There are a number of inaccuracies in the Navy’s Op-Ed that the public should understand. Where the piece states that the Navy “disagree[s] with some scientific methodologies and conclusions researchers made,” it then presents no actual data, describes no methodologies and erroneously references conclusions that were not made in the study. For example, our study did not assert that Growlers were “destroying the park’s soundscape or harming its wildlife.” Rather, over a year of detailed monitoring, we established how much of the aircraft noise is military (88%), when and how often noise from Growlers is present (most weekdays, concentrated during daytime hours), and how loud it is (at times loud enough to warrant hearing protection).

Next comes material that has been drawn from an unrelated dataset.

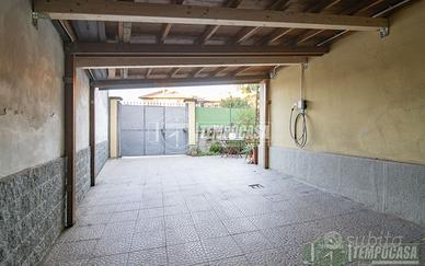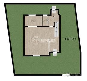 L'ingresso si apre su un affascinante portico coperto con tetto in legno, perfetto come posto auto o zona conviviale.

This is in the rural and wilderness setting of the Olympic Peninsula, which is otherwise relatively free from human noise. A separate published study provides evidence that aircraft noise also permeates deep into the water.
Additionally, the Navy says it averages only 8.8 flights a day over the Peninsula. Most people hear the word “flight” and think of an aircraft momentarily passing overhead. But what the Navy fails to mention is that a flight is in fact a 60- to 90-minute training session by a jet; training with multiple jets simultaneously is typical. Furthermore, our research showed that each training session impacts large expanses of the military operations area, which sits over the western half of Olympic National Park. A typical commercial aircraft passes overhead in about two minutes and at 35,000 feet. Characterizing up to 90 minutes of high-speed training at 6,000 to 20,000 feet as a “flight,” and then comparing it to commercial and recreational air traffic, is both inappropriate and misleading.
In all this, we see an unfortunate pattern of attempting to divert attention from and downplay the impact of the air training operations, rather than acknowledging the extent of the noise pollution and working with stakeholders to mitigate it. We encourage the Navy to use our research results for its stated goal of engaging in partnerships and conversation with stakeholders, rather than trying to silence the science.